HC Deb 13 May 1897 vol 49 cc386-7
MR. PATRICK O'BRIEN

On behalf of the hon. Member for Dublin, St. Patrick (Mr. FIELD), I. beg to ask the Chief Secretary to the Lord Lieutenant of Ireland will he explain why the Treasury, through the Board of Public Works for Ireland, require a fine of about £1,752 in consideration of accepting from the Blackrock Township Commissioners repayment at three months' notice of the outstanding balance of their loans (amounting to £12,084) instead of receiving that repayment by instalments spread over a number of years, pursuant to the literal terms of the mortgages under which these loans were obtained, and which do not contain any such condition as that which the Board of Works are now seeking to impose; and, whether this is a condition introduced recently and since the Black-rock Township Commissioners borrowed any of the sums of money which they now seek to repay?

MR. HANBURY

The sum mentioned is in no sense a fine, but merely the difference between the par value and the current market price of the Local Loans Stock. The Blackrock Commissioners have borrowed from the Board of Works, within the last nine years, various sums which it was distinctly stated in the mortgages, as the question admits, should be repaid by periodical instalments spread over 15 to 50 years.
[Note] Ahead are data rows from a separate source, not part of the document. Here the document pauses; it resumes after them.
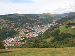 Au bout de quelques centaines de métres vous débouchez, par la droite, sur le mémorial de la guerre 40-45 avec en contre bas la grande statue. Très belles vues sur Cornimont. Aire de pique nique possible.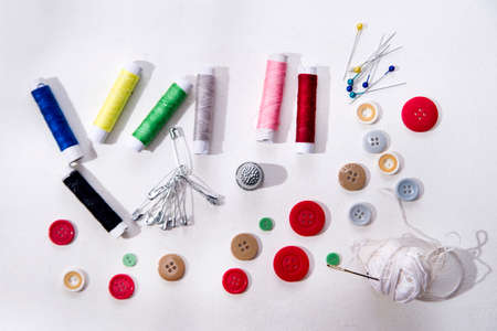 Colorful sewing thread placed on a white back
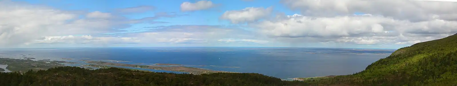 View of Smøla from Tustna in the distance to the right – you can see the Smøla Wind Farm if you enlarge the picture.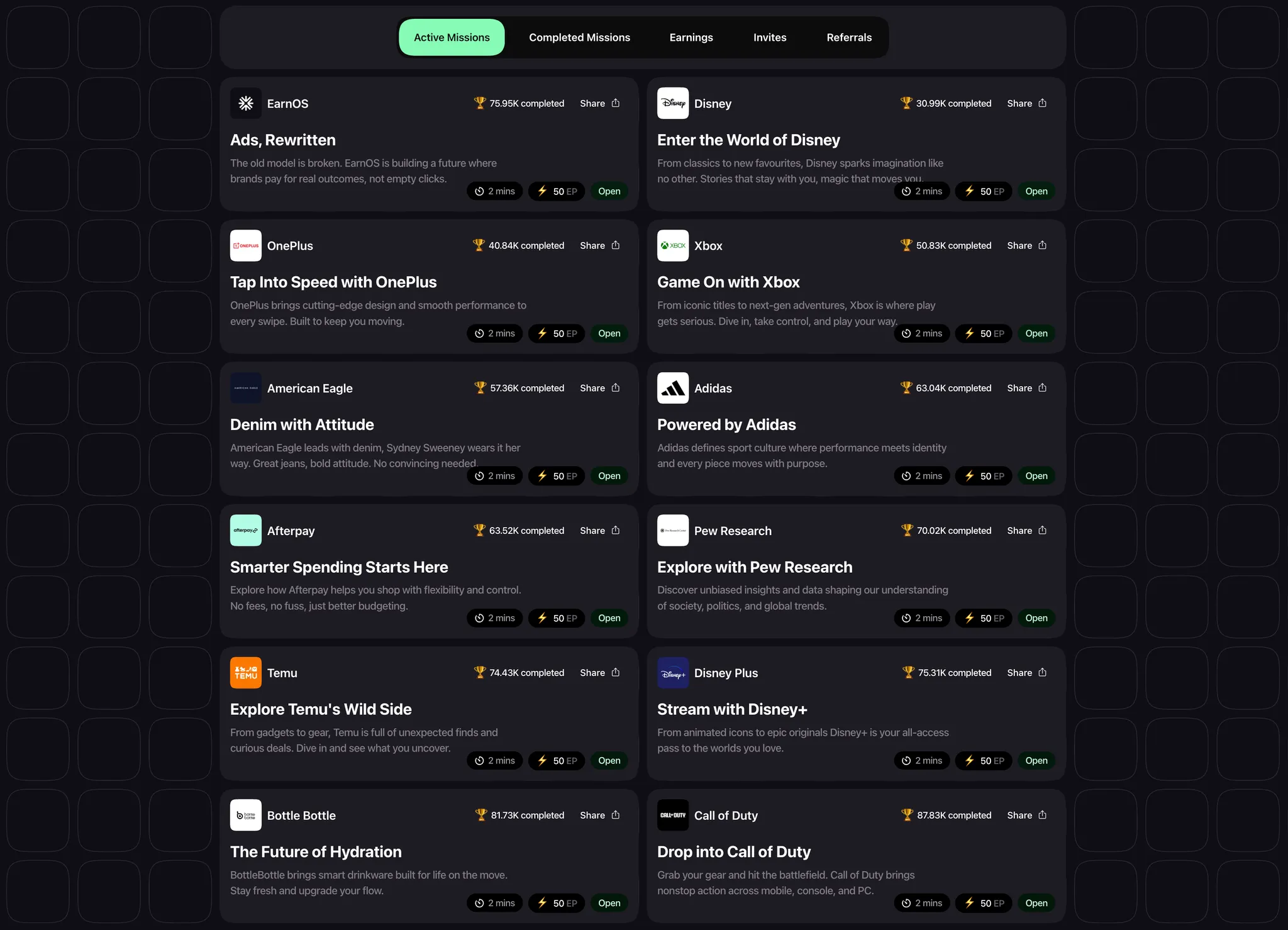 XION 通过 EarnOS 破坏了这种不对称的结构,EarnOS 是一个构建在 XION 上的保护隐私的广告应用程序。EarnOS 允许用户验证他们的兴趣和行为并获得直接奖励——将控制权和补偿权交到他们手中。2025 年,EarnOS 从 EV3、Animoca Brands 和 Laser Digital (Nomura) 等公司筹集了 500 万美元的资金,这表明了对以用户为中心的广告未来的信心。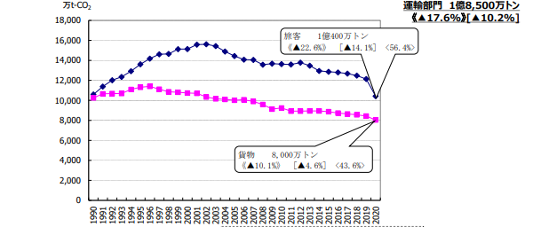 環境:運輸部門における二酸化炭素排出量 - 国土交通省。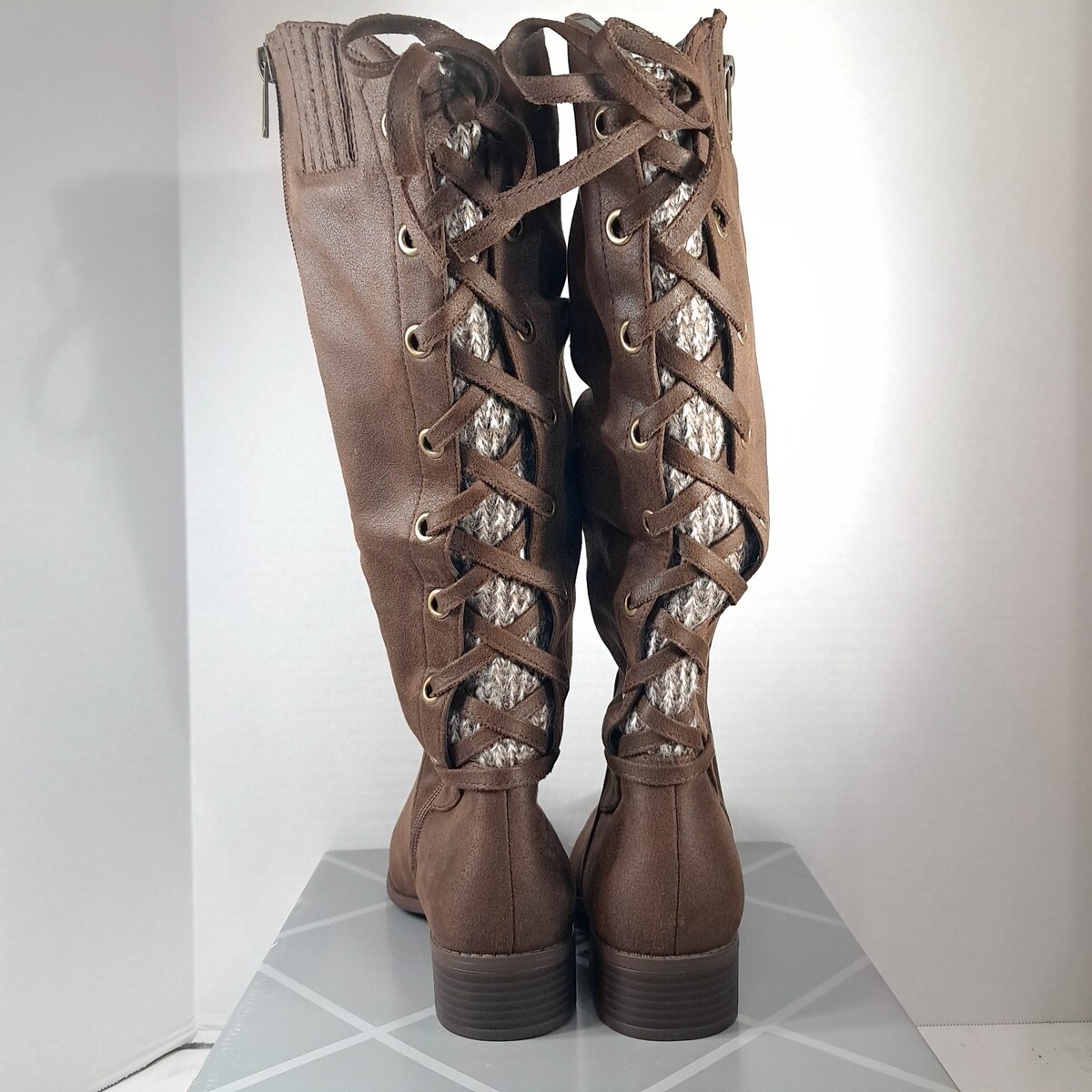 Xappeal Womens Boot sz 7 M Wide Calf Cheyenne Brown Knee High Shoes corset laced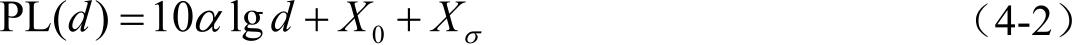 的正态(高斯)随机变量。式(4-2)表明相同位置的接收机受到随机阴影衰落的影响而具有不同的路径损耗。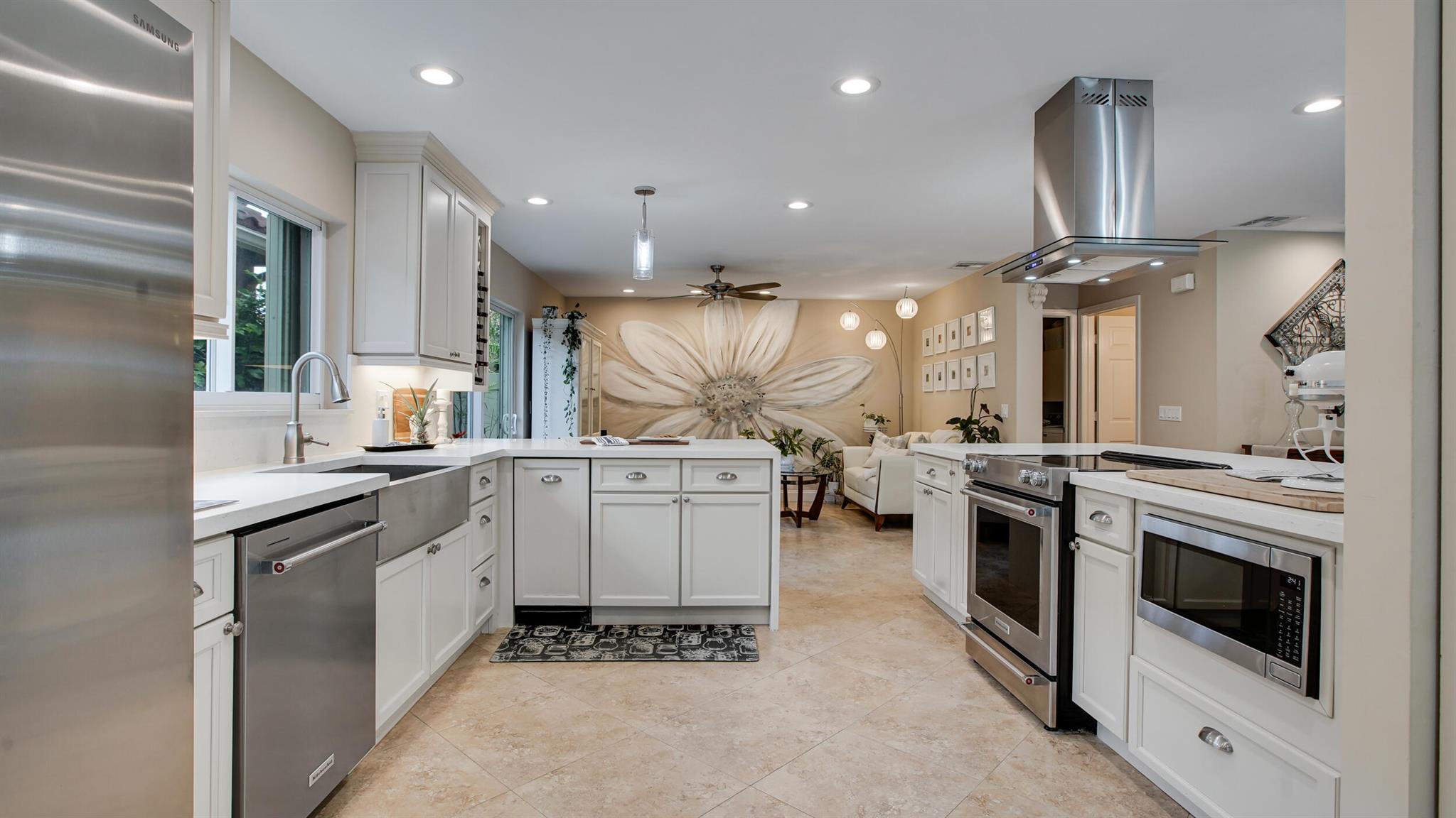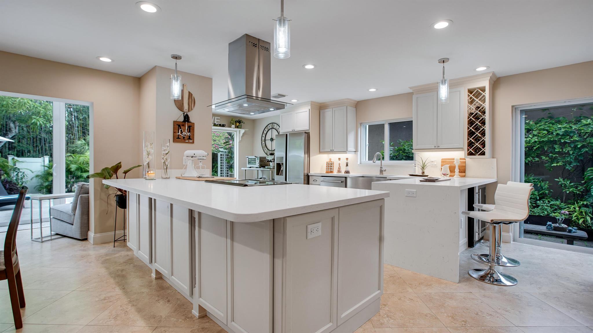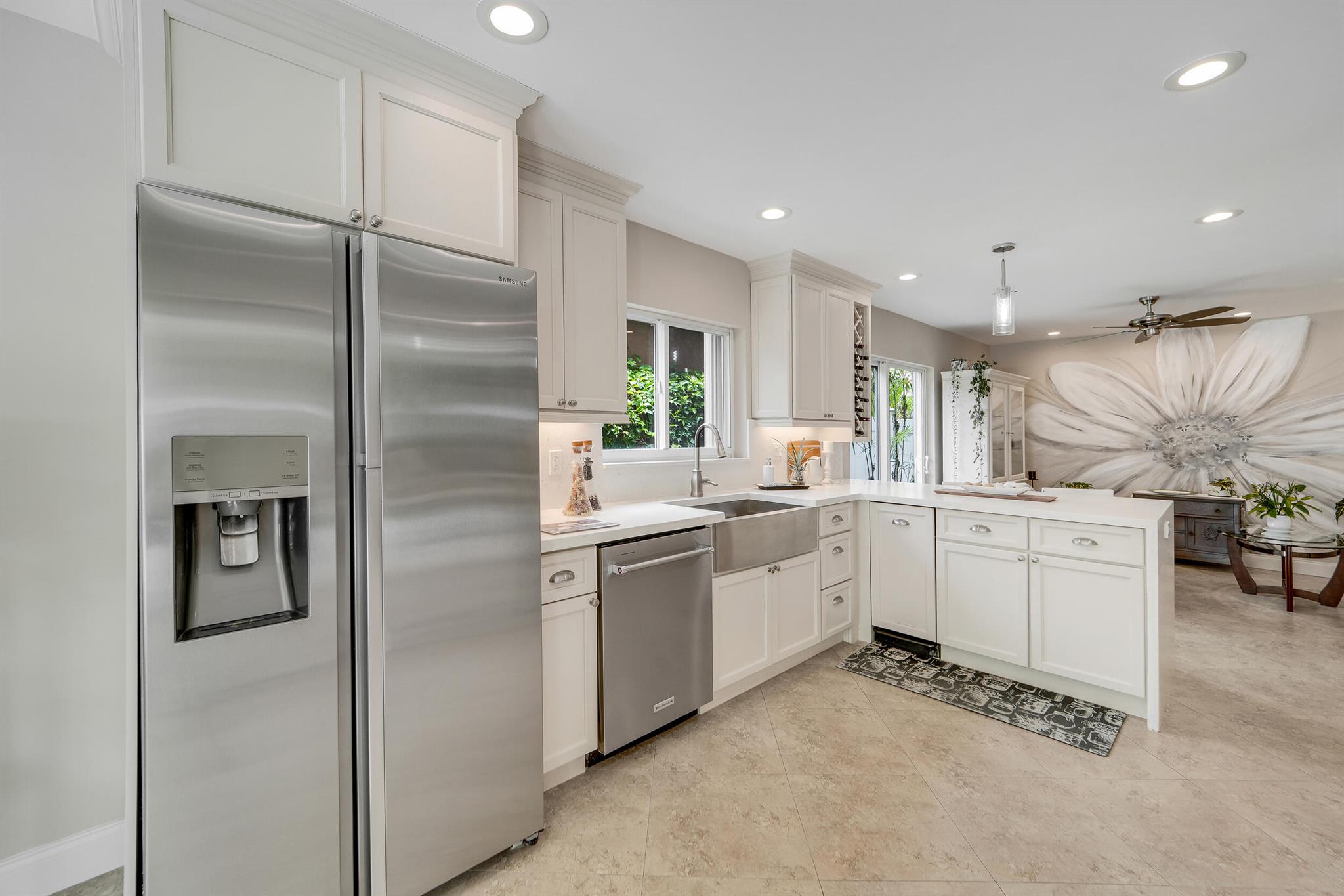 Gorgeous 4-bedroom, 2.5-bath pool home in the gated Ventura section of Mission Bay! From the moment you step inside, you'll be swept away by the open-concept design, soaring ceilings, large picturesque window and the perfect flow that makes this home ideal for both everyday living and entertaining. At the heart of the home is the chef's dream kitchen--featuring stainless steel appliances, prep stations, a walk-in pantry, and stunning quartz counter tops and elegant cream-toned cabinetry. A huge picture window floods the space with light and offers a serene view of the private backyard oasis and pool. Step outside into your tropical paradise, complete with a sparkling pool, travertine patio floor, and lovingly designed landscaping with a custom pergola and adorning bougainvillea.

They ask to be allowed to break these contracts at a cost of nearly 15 per cent, of the capital value to the lenders—the taxpayers of the United Kingdom. In the case of all loans, whether in England, Scotland or Ireland, it has been the rule of the Treasury since the end of 1895 to protect the taxpayer by refusing to allow premature repayment at a price far below the market value of the stock.